-Don't panic seeing the portfolio management excel sheet firstly. Go through the videos of the Portfolio Management videos first and then try to simultaneously solve the excel sheet.
-Here is the conceptual solution of question 6 of the Portfolio Management Module worksheet.
The first part of the solution of the question, deals with the expense amount required by you at the age of 60. Say currently you need 1 lakh for expenses in the present; at 60 this amount will need to be recalculated again due to inflation.
The second part of the solution helps you to find the amount i.e. corpus required by you between 60-90 for spending and living. This amount will be kept in a low risk deposit.

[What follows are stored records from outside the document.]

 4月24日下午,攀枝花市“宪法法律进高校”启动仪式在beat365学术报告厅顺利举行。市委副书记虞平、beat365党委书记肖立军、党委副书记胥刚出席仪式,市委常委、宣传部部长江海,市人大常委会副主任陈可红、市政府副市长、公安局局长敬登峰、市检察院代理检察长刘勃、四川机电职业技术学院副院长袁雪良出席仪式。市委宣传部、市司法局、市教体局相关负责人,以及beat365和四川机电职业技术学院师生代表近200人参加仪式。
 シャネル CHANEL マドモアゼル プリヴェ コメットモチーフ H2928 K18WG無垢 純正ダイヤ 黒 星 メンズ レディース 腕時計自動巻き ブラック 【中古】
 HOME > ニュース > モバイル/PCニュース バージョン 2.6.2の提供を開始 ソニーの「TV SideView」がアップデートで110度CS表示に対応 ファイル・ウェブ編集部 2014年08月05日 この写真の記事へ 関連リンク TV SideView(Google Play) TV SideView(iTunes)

The third part of the solution helps you to find out the amount you will be depositing from 20 to 60, so you can have sufficient corpus required at the age of 60.
PS: The inflation for the period of 60-90 is not calculated, so there are two ways:
a. You can calculate it for every 5 year block and reach till 90 for exact calculation. Tell you this would require good efforts, but make you pretty confident.

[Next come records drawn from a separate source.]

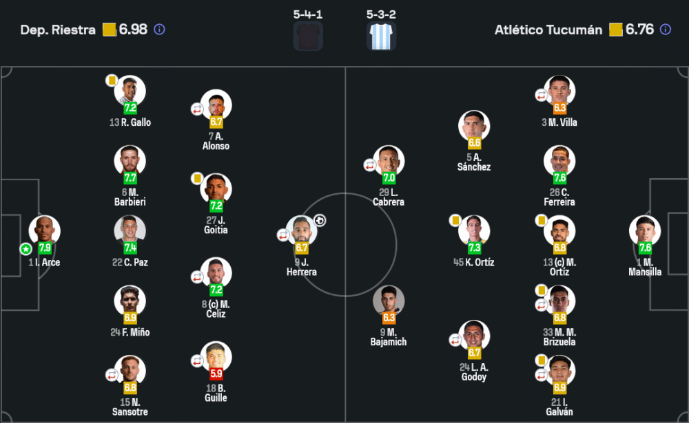 - กองกลาง: ฟาคุนโด้ มิโญ (6.9), ฆวน โกอิเทีย (6.7), บรูโน่ กีย์เย่ (5.9), อลัน อลอนโซ่ (6.7)
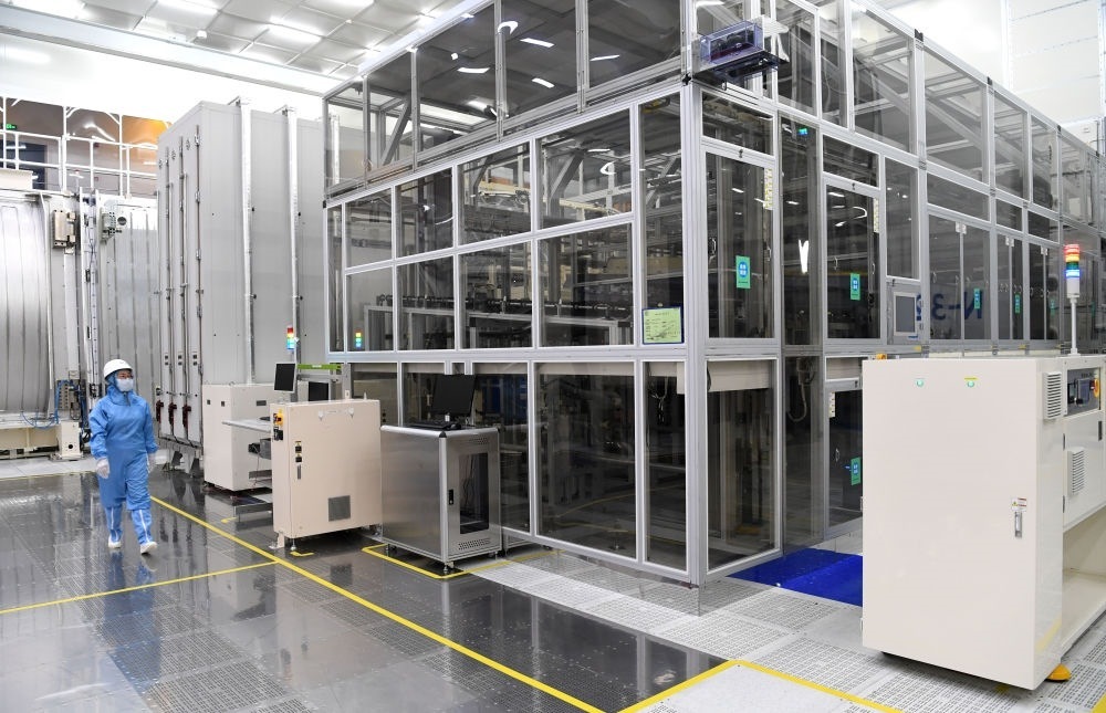 2022年7月28日,安徽合肥京東方顯示技術有限公司的工作人員在10.5代生產線上作業(yè)。
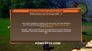 Step 3: After finding all 7 Dragon Balls go to the Pause Menu — Dragon Balls and select your wish (all wishes listed below). Afterward the Dragon Balls are scattered across the world again. But they don’t respawn directly, there is a 20 minute cooldown and you get a notification when they respawned. The game uses actual in-game time played to track this, changing time in your system settings doesn’t work to trick it. The balls will land in different locations than before. It’s random every time where the Dragon Balls will land. Because you can see them marked on the world map they are easy to locate though.
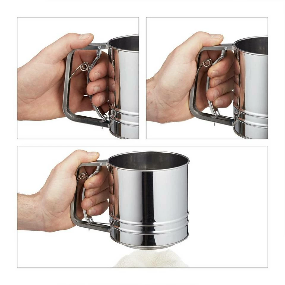 Mehlzerstäuber zum Backen & Garnieren Für ein besonders feines und fluffiges Ergebnis beim Backen sieben Sie am Besten vorher das Mehl. Mit dem feinmaschigen Mehlsieb aus Edelstahl geht das ganz einfach mit einer Hand. Sie müssen lediglich den Griff drücken und schon sieben Sie das Mehl klumpenfrei in die Schüssel oder bestäuben Ihre Arbeitsfläche. Gleichzeitiges Rühren und Sieben ist somit kein Problem. Aber auch zum ansprechenden Verzieren von Kuchen und Waffeln mit Puderzucker oder Kakaopulver ist das Backsieb ideal. Hinweis: Für eine längere Haltbarkeit, das Sieb nicht vollständig sondern nach und nach mit Mehl befüllen.
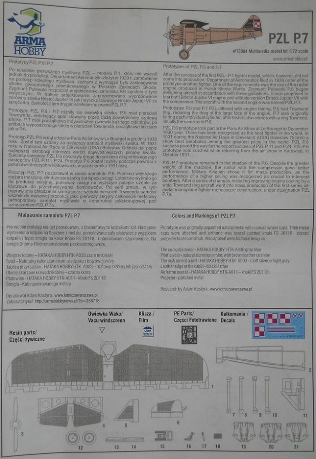 Модель из смолы от фирмы Arma Hobby в масштабе 1/72 (номер по каталогу 73004) упакована в прочную картонную коробку с верхним открытием. В наборе представлен прототип - PZL P.7/I. Литьё отличного качества. Интересно сделано членение планера. Проработка внешних поверхностей исполнена на высоком уровне. Присутствует плата с фототравлением. Шкалы приборов выполнены на плёнке. Ваку-козырёк кабины отменного качества. Декали смотрятся замечательно. Инструкция весьма подробна и информативна.
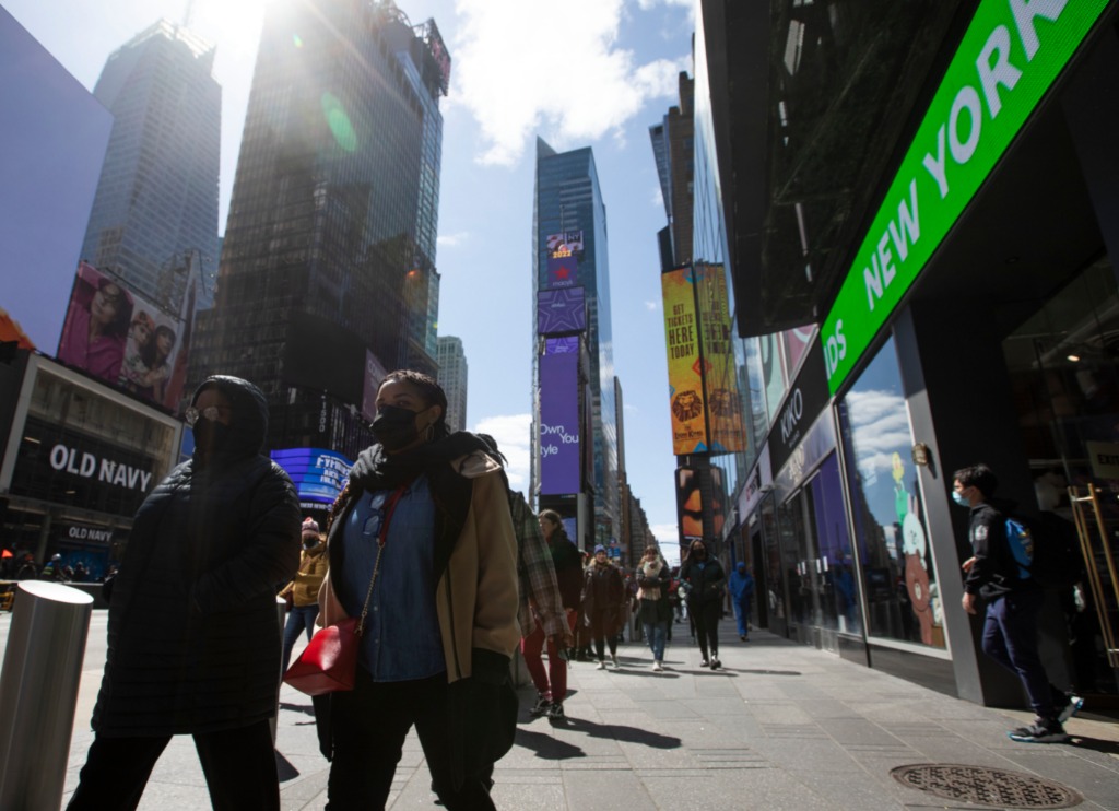 3月29日,人们走在美国纽约时报广场。新华社记者王迎摄

b. You can use a hack and calculate the inflated value of your amount required at 90. Although this will help you with a surplus-
- The bonuses mentioned in the "Types of Financial Investment" video are now part of the course and dispersed throughout. So keep learning through the course.

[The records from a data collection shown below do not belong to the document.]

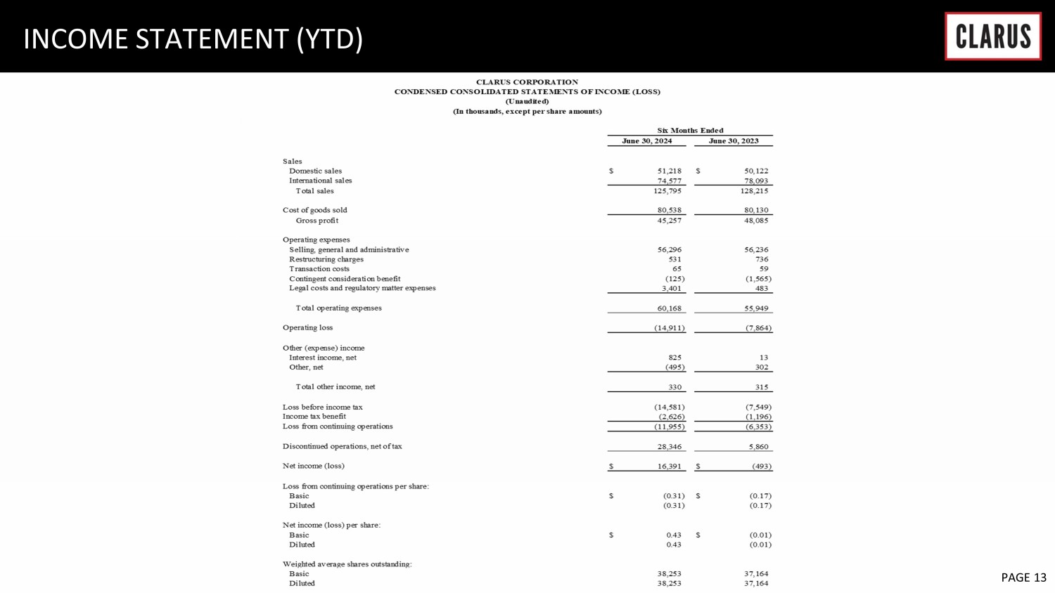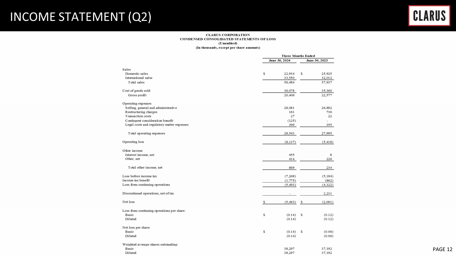 SALT LAKE CITY, August 1, 2024 (GLOBE NEWSWIRE) -- Clarus Corporation (NASDAQ: CLAR) (“Clarus” and/or the “Company”), a global company focused on the outdoor enthusiast markets, reported financial results for the second quarter ended June 30, 2024.
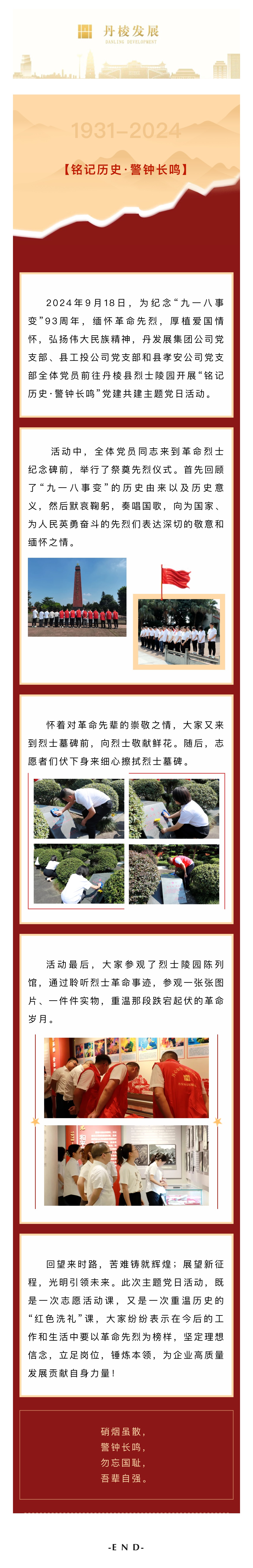 結(jié)對(duì)共建,共育共進(jìn)|丹發(fā)展集團(tuán)公司黨支部開(kāi)展開(kāi)展“銘記歷史·警鐘長(zhǎng)鳴”黨建共建主題黨日活動(dòng)
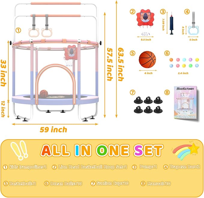 - 【4-in-1 Multi-Purpose Play Area 】Transform your backyard or game room! The indoor trampoline for kids 2-5 includes a basketball hoop, gymnastic bars, hoops and ocean balls. Kids can jump, climb or imagine adventures in their own private bounce house that will keep them active and entertained for hours.

- In the CAGR calculation, you have to figure out your SIP required by your for every financial goal of yours, not only retirement. Right now, you have to take the return on investment as we have told you in the portfolio management videos, but as soon as you progress you will learn to know about different investment assets and their expected rate of return.
Those who are completely unaware of the insurance can refer to sites such as Policybazar to find the rates of return on different insurance policies.
PS: Don't share your number there as you may start to receive spam calls.